Kael respiró hondo, y cuando habló, su voz sonó como el crujir de hielo bajo pies descalzos:

— Venganza.

La sonrisa de Vladimir se amplió.

Y Kael conto cada detalle de lo que él llamaba: La Maldición del Cabello Negro.

— Aisha no es una de nosotros — escupió Kael, mientras Vladimir lo observaba con avidez — los Nyrithar somos luz pura. Cabellos blancos, ojos como lagos helados. Ella… ella fue una mancha desde su nacimiento. Una herejía con pelo de carbón.

Vladimir inclinó la cabeza, fascinado.

— Su madre, la gran vidente Elyria, perdió el don el día que vio el futuro de su hija — continuó Kael, los puños apretados — quedó ciega de tanto llorar. Y, aun así, la tribu la cargó como un peso muerto durante años. Por lástima. Por culpa.

El príncipe dejó escapar un suspiro teatral.

— Y ahora, la 'rechazada' es la futura princesa del Imperio… Qué irónico.

Kael se estremeció, no de miedo, sino de odio.

— Ella ni siquiera puede sanar como los nuestros.

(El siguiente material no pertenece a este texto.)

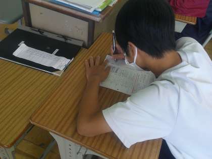 単元テストの様子。一年間、どのように学ぶかを考え続けた結果、2年生では、単元テスト前に自ら学ぶ様子が見られました。そうするとやっぱり点数が上がってきたようです。本人たちは大喜び。また、勉強したくなるといいですね。
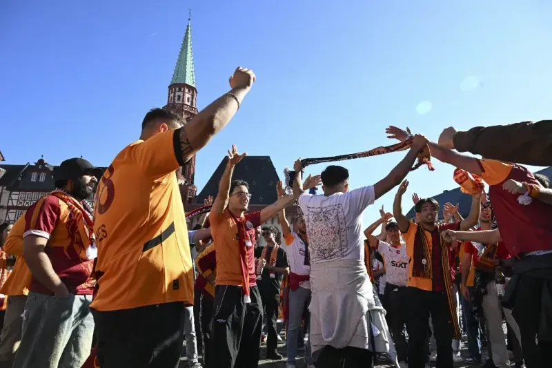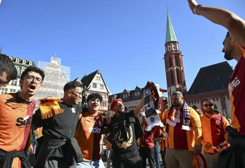 UEFA Şampiyonlar Ligi'nin ilk haftasında Almanya temsilcisi Eintracht Frankfurt ile karşılaşacak olan Galatasaray'ın taraftarları, maç öncesinde Römerberg Meydanı'nda bir araya geldi.
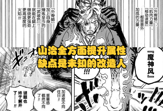 在攻击方面,山治也是把恶魔风脚进一步开发变成了魔神风,威力更加强大,就算是皇副级别也是可以撂倒的。
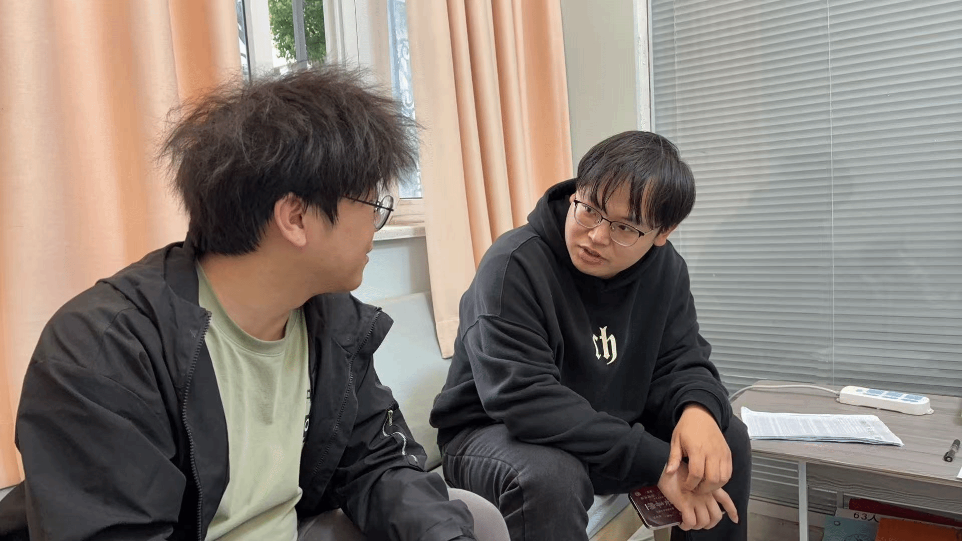 4月10日上午,在1号楼学生社区,我院辅导员张万俊老师与通信 1231 班的高俊飞同学,他们围绕学业规划问题进行探讨。
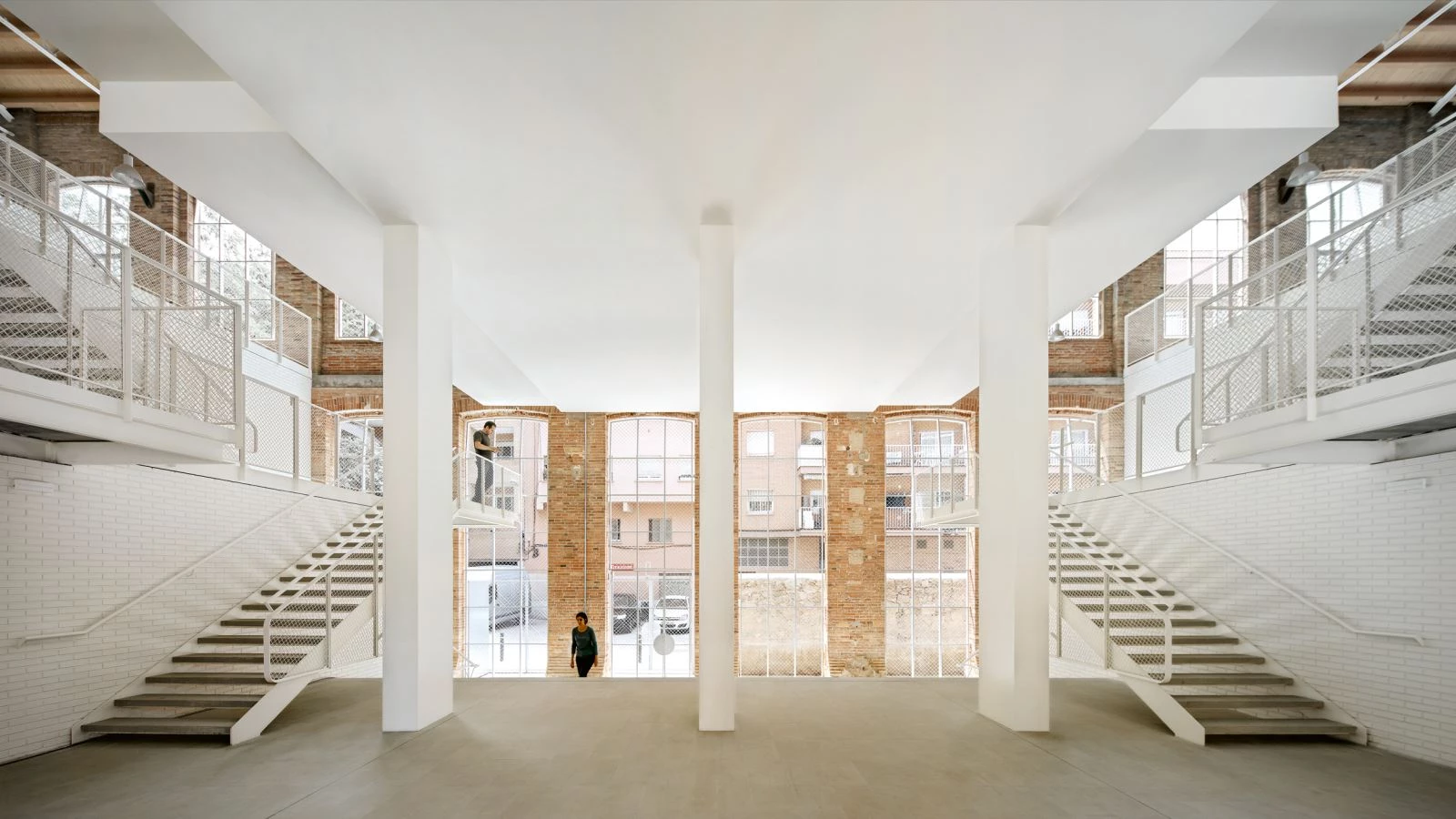 The two interior floors are reused structurally, with no type of reinforcement, to allow resting the two new levels on each one of them, because the two floors in the old warehouse are transformed into four floors of housing. To achieve this a wood structure is used, five times lighter than a steel one to avoid exceeding the 1,000 kg/m² load-bearing capacity of the original warehouse. The frame timber structure is based on the old steel structures used to shelve thread.
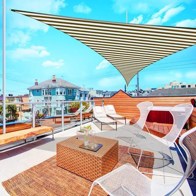 - Decorative & Effective Shading - 25 ft Equilateral Triangle Sun Shade Sail, gorgeous color to attract attention, a beautiful decoration for backyard, balcony, terrace, patio, porch, pergola, deck and so on; Also, a perfect sun shade to offer a shelter near the pool for swimmers to rest
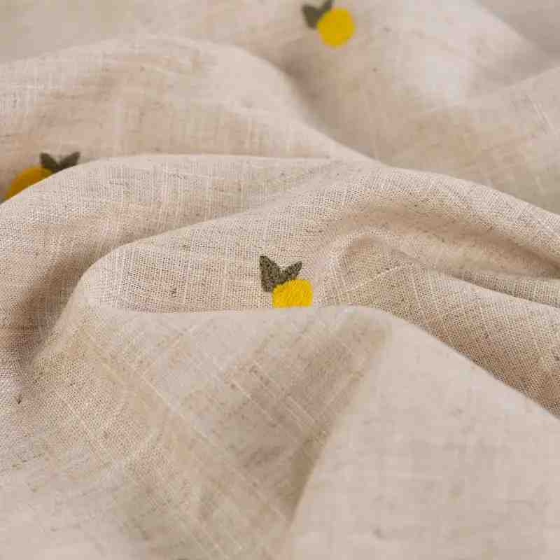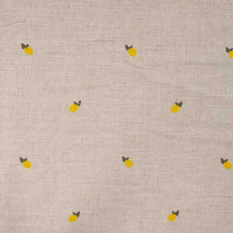 Ce tissu se distingue par de délicates petites broderies citron réparties sur une base naturelle légèrement texturée. Ce motif apporte une touche pétillante et moderne, parfaite pour créer des pièces uniques au style ensoleillé. La viscose confère au tissu une grande souplesse, un toucher très doux et un excellent confort, tandis que le lin assure une résistance optimale, une sensation de fraîcheur et un aspect naturellement chic.

Los verdaderos Nyrithar curamos con las manos, nuestra aura basta para cerrar heridas. Aisha necesita sangre. Sangre. Es una falsa. Una hambrienta.

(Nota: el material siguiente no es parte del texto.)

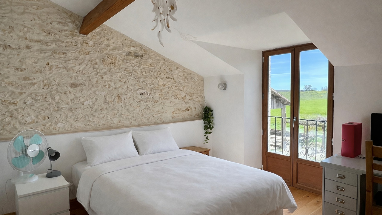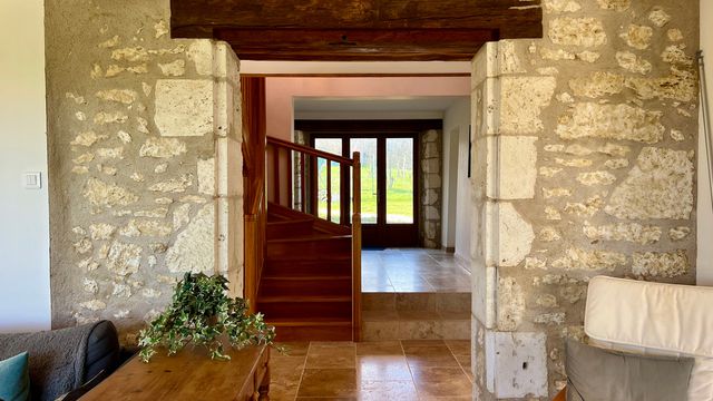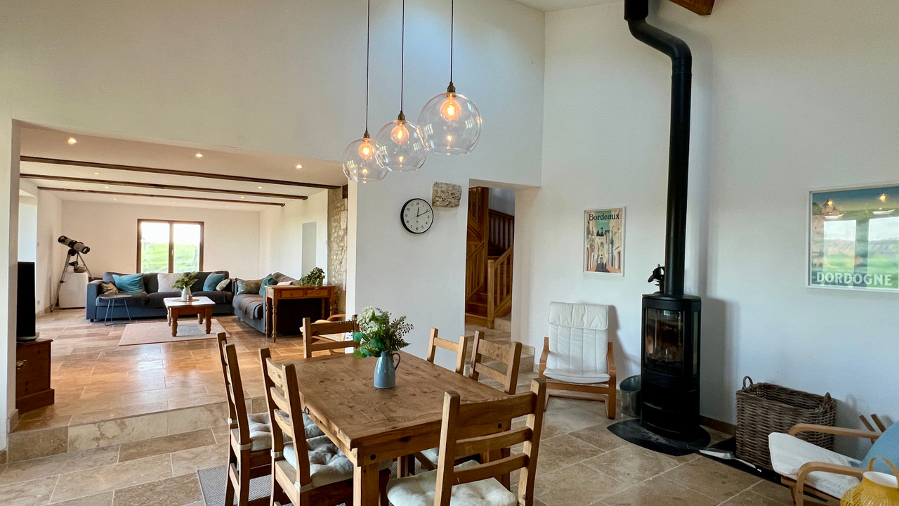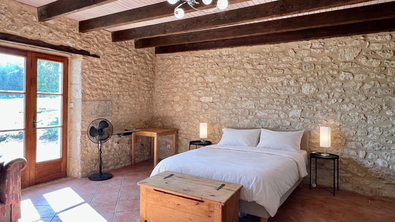 A42933GJP24 - Ideally located between Eymet and Bergerac, this beautifully modernised stone property sits on 7,843 m² (1.9 acres) of land and includes a swimming pool and outbuilding. Full of character and charm, the house features exposed stone walls and beams throughout. The accommodation offers an open-plan kitchen and dining room, a spacious sitting room, and two ground-floor bedrooms, each with its own en suite. Upstairs there are three further bedrooms and two shower rooms. Heating is provided by a heat pump, with underfloor heating in parts of the house. The nearest town with shops and restaurants is just 4.5 km away, while Bergerac and its airport are 15 km away and Eymet is only 11 km from the property.
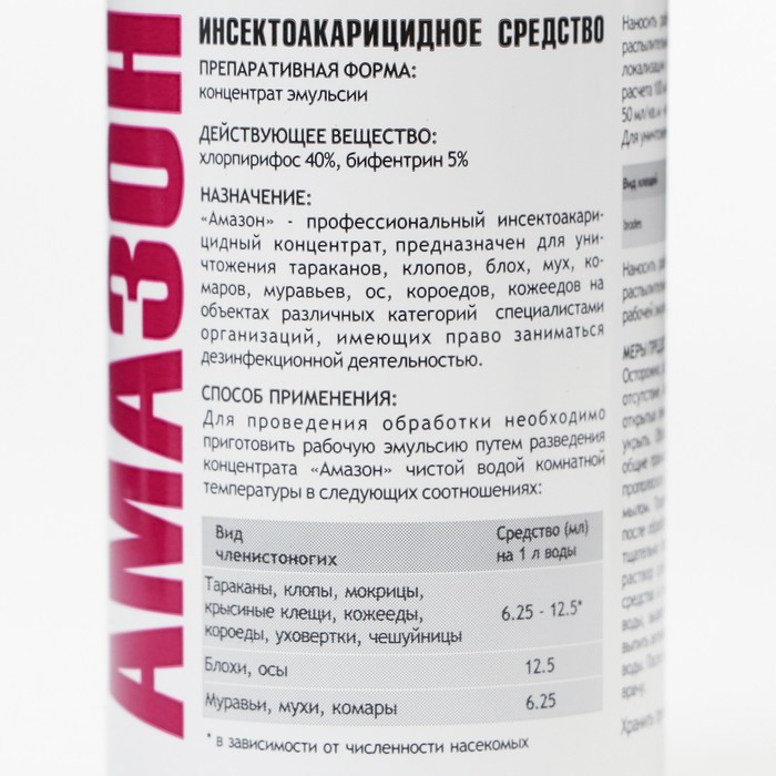 Средство инсектоакарицидное Амазон предназначено для уничтожения синантропных членистоногих (тараканов, постельных клопов, блох, кожеедов, рыжих домовых муравьев, домовых сверчков, чешуйниц, крысиных клещей).
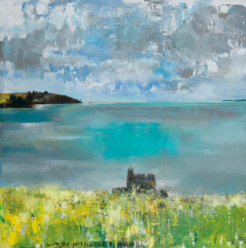 Blue Carrick Roads with gorse and blackthorn blossom. 2024. <br> <strong>mixed media on canvas board. <br> 60 x 60cm. <br> JF2143 <br> <br> SOLD </strong>View Larger Image
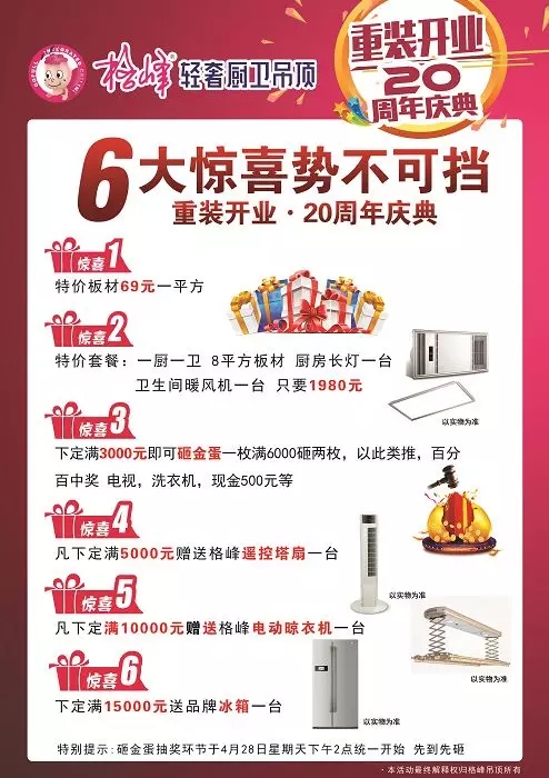 2019年4月8日—28日,格峰輕奢吊頂連雲港專賣店重裝開業,正值格峰品牌20周年慶為活動強勢助力。

Vladimir se detuvo. Eso no lo sabía.

— ¿Y por qué crees que la eligieron a ella, y no a ti, para bendición de los dioses? — preguntó, aunque ya sabía la respuesta.

Kael mostró los dientes, blancos y afilados.

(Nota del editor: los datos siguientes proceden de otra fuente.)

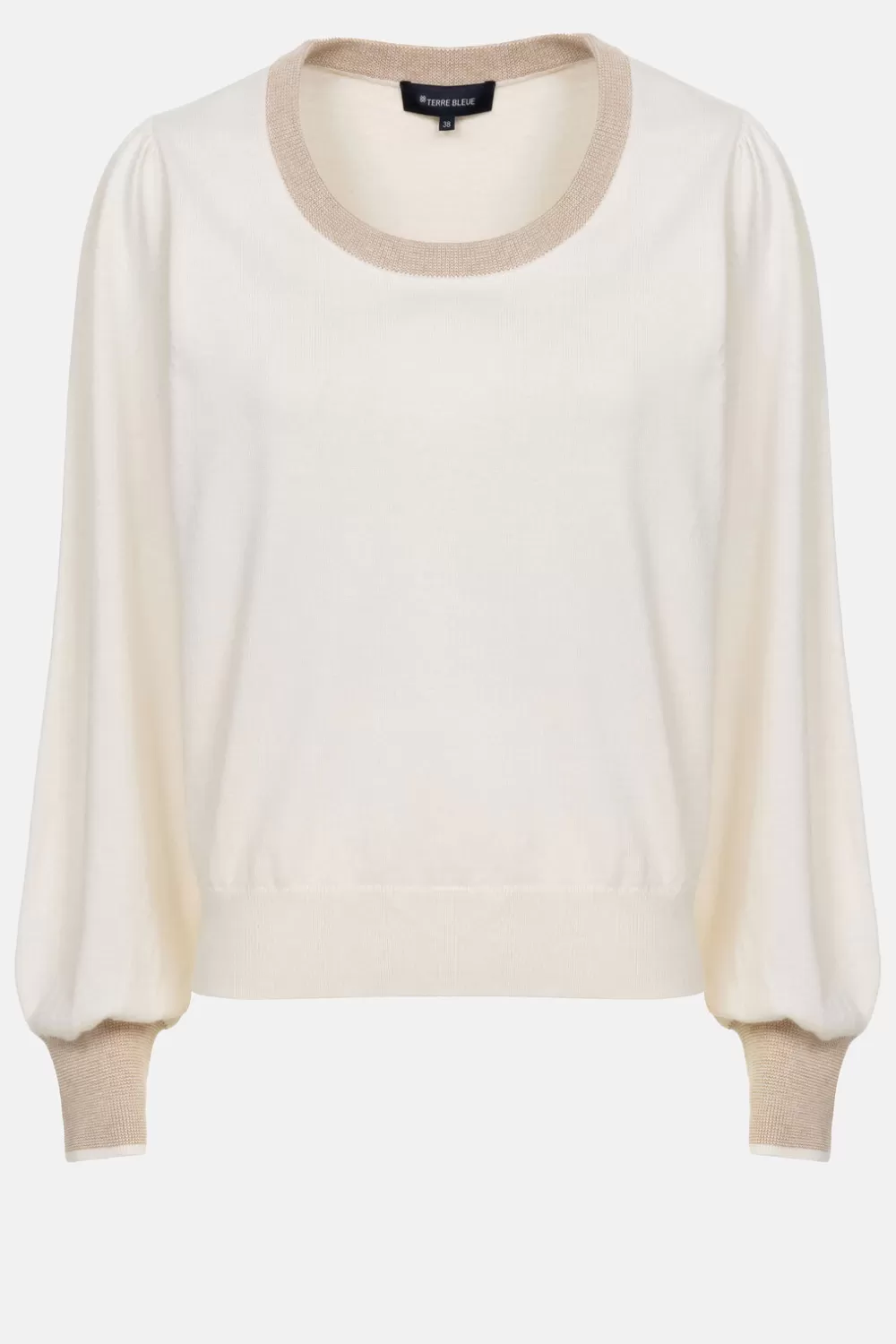 Lichtbeige Pull In Fijn Tricot Van O.A. Katoen.Een Vrouwelijke Boxysnit Met Een Elegante Boothals.Stylish Boven Een Bord…

— Porque los dioses también aman el espectáculo.

Vladimir ya sabía cómo actuar…

Al amanecer, los rumores ya reptaban por los pasillos del palacio como serpientes venenosas:

¿Sabíais que la Sanadora ni siquiera es una Nyrithar verdadera?

Dicen que su madre maldijo al emperador con visiones falsas…

¿Y si su sangre es corrupta? ¿Y si la princesa Meiying está en peligro?

Hasta los sirvientes cuchicheaban, evitando mirar a Aisha cuando pasaba.

Ragnar lo notó primero.

— Alguien está envenenando más que el agua — gruñó, rompiendo un jarrón contra la pared cuando el séptimo príncipe Zacarías le contó lo que decían en los mercados.

Aisha, sentada junto a la ventana, observaba sus propias manos. Las marcas de Nyrith brillaban, pero ahora… ¿eran más tenues?

— No importa — mintió, aunque el corazón le pesaba como una roca — el eclipse es lo único que cuenta.

Pero esa noche, cuando Meiying lloró en sus brazos, la pequeña princesa miró hacia la puerta con sus ojos grises y dorados… como si algo oscuro acechara más allá.

Mientras tanto, en las profundidades del palacio, Vladimir ofrecía un trato a Kael:

— Ayúdame a desacreditarla, y tu pueblo será elevado como aliados del Imperio. No más escondites. No más cazas.

Kael, ahora vestido con sedas que no merecía, sonrió por primera vez.

— ¿Y Aisha?

Vladimir le pasó un dedo por el filo de la copa.

— Cuando caiga… quiero que sea usted quien le corte el pelo negro. Para que todos vean lo que siempre fue: una impostora.

Y en la luna, ese anillo carmesí creció un poco más.